English and Irish landowner and soldier, died 1613

Sir Henry Harington of Bagworth and Baltinglass (died 1613), English and Irish landowner and soldier, known for his defeat at Arklow in 1599.

== Career ==
Henry Harington was a son of James Harington of Exton, Rutland (died 1592) and Lucy, the daughter of Sir William Sidney of Penshurst, Kent. His estates were at Bagworth and Baltinglass.

Harington was in command of troops in 1599 under the Earl of Essex in his military expedition of 1599–1600 to Ireland during the Nine Year's War. He was defeated at the Battle of Deputy's Pass near Arklow on 29 May 1599 by the forces of Felim McFiach O'Byrne, with the loss of 250 soldiers. There was a court-martial, and two captains were sentenced to death, and the troops of Captain Loftus were decimated by lot. Harington never had a significant military command again.

Later in the same year, his cousin Sir John Harington of Kelston wrote to Anthony Standen from Athlone with news of another incident. Henry Harington had met the Irish leader Rory Oge O'More for a parley or negotiation, but was abducted by him for ransom. Harington's friends would not send a ransom but surrounded his house with 100 soldiers. Rory Og wounded Harington 14 times and then escaped through the cordon. The English soldiers were frightened of Rory Og and thought he had compelled them not to touch him by magic.

In 1608 he began to build a castle at Carnew.

In his will, Harington initially nominated Jonas Quarles, brother of the author Francis Quarles, as his executor, but changed his mind.
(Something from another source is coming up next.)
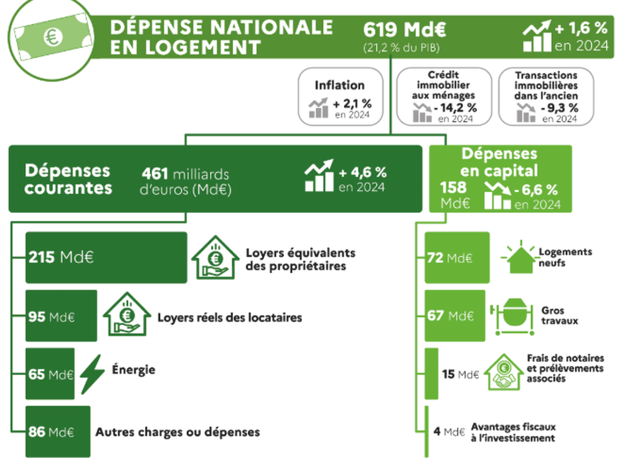 Les emplois totaux des unités résidentes sont la somme des cinq premières composantes. Il faut en déduire la partie financée par le reste du monde moyennant des transferts ou des prêts, afin d’aboutir aux dépenses de la Nation. Celles-ci sont donc égales aux emplois totaux des unités résidentes qui sont financés par des unités résidentes.

He bequeathed the tenancy of Wicklow or Baltinglass Abbey and mill to his servant Robert Barfoote.

He died in 1613.

==Family==
His first wife was Cecilia Agar, daughter and co-heiress of Sir Francis Agar of Elmesthorpe, Leicestershire and Grangegorman, Dublin, MP for Kinsale, (d. 1577), their children were;
- John Harington of Elmesthorpe (d. 1615), who married in January 1603 Mary Offley (d. 1623), a daughter of a London merchant William Offley (d. 1600) and Anne Beswick, who employed an African servant called Frances. Anne later married Sir Henry Bromley of Holt. Mary bequeathed her cabinet at Holt Castle to her sister-in-law Elizabeth Smith, and requested her daughter Sara Harington should not marry a Mr Clare on account of his religion and estate. Sara or Sarah Harington was brought up with Lucy Russell, Countess of Bedford and became a Maid of Honour to Anne of Denmark. She later married John Frescheville, 1st Baron Frescheville.
- Jacob Harington
- William Harington (d. 1613).

In 1587 he married Ruth Pilkington, daughter of James Pilkington, Bishop of Durham and Alice Kingsmill, by whom he had five daughters and three sons, including;
- Henry Harington, who wrote a poem on the occasion of Lucy, Countess of Bedford not helping him when he was in prison for debt, and whose lyrics were included in the songbook of Henry Lawes.
- William Harington (c.1590-1627) of Twickenham and Hertingfordbury, MP, married Anne Wood, daughter of Sir John Wood of Albyns, and sister of Magdalen Wood.
- Elizabeth Harington, who married Sir Richard Moryson of Tooley Park, MP Richard Moryson
- Anne Harington, who married Thomas Roper, 1st Viscount Baltinglass and Baron of Bantre.
- A Maid of Honour to Elizabeth Stuart, Queen of Bohemia, known as Mistress Harington.